General characteristics
- Class & type: Alcmène-class frigate
- Type: frigate
- Displacement: 966 tonneaux
- Tons burthen: 500 port tonneaux
- Length: 40.3 metres
- Beam: 10.4 metres
- Depth of hold: 4.8 metres
- Propulsion: Sails
- Armament: 26 × 12-pounder long guns

= French frigate Alcmène (1774) =

Alcmène was 26-gun frigate of the French Navy, designed by Doumet, lead ship of her class. She notably took part in the War of American Independence.

== Career ==
In 1775, Alcmène cruised in the Caribbean with the 18-gun corvette Flèche. In 1776, she was under Suffren.
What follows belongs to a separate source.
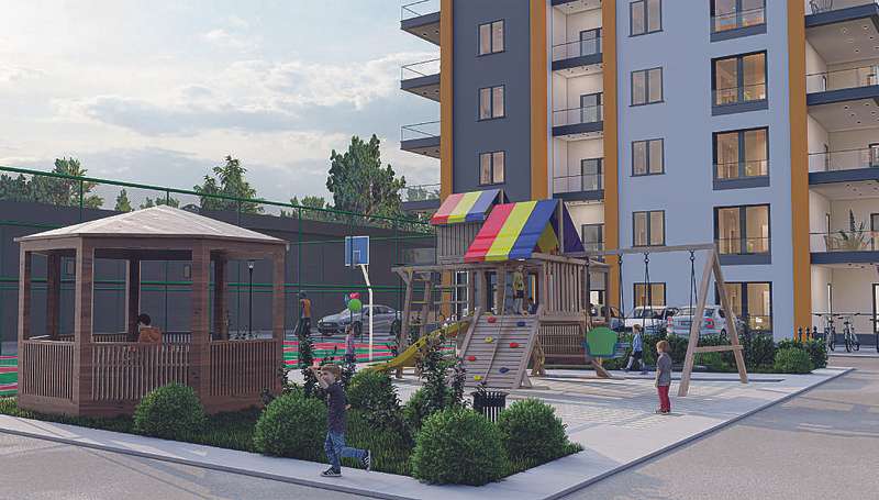 The mixed-use project, located on a total area of 12,400 m², is designed to include 2 residential blocks and 20 street-level shops. The project offers a wide range of facilities such as an open parking area, fire alarm system, 24/7 security, double fire escape stairs, full-capacity water tank, communal garden, children’s playgrounds, security cameras, basketball court, generator, and volleyball court.

In 1778, she was part of the French expeditionary forces to America, under Bonneval, and blockaded Rhodes Island. In August, she destroyed a British corvette and two galley, along with Aimable.

On 16 August 1779, Alcmène was sent to escort a convoy, along with the 64-gun Protecteur and the 50-gun Fier. A storm scattered the escort and damaged Alcmène, which had to throw most of her guns overboard to stay afloat. On 20 October 1779, as Alcmène was nearing Martinique, she encountered HMS Proserpine which captured her.

== Fate ==
The British took Alcmène in service as HMS Alcmene. She was sold in 1784.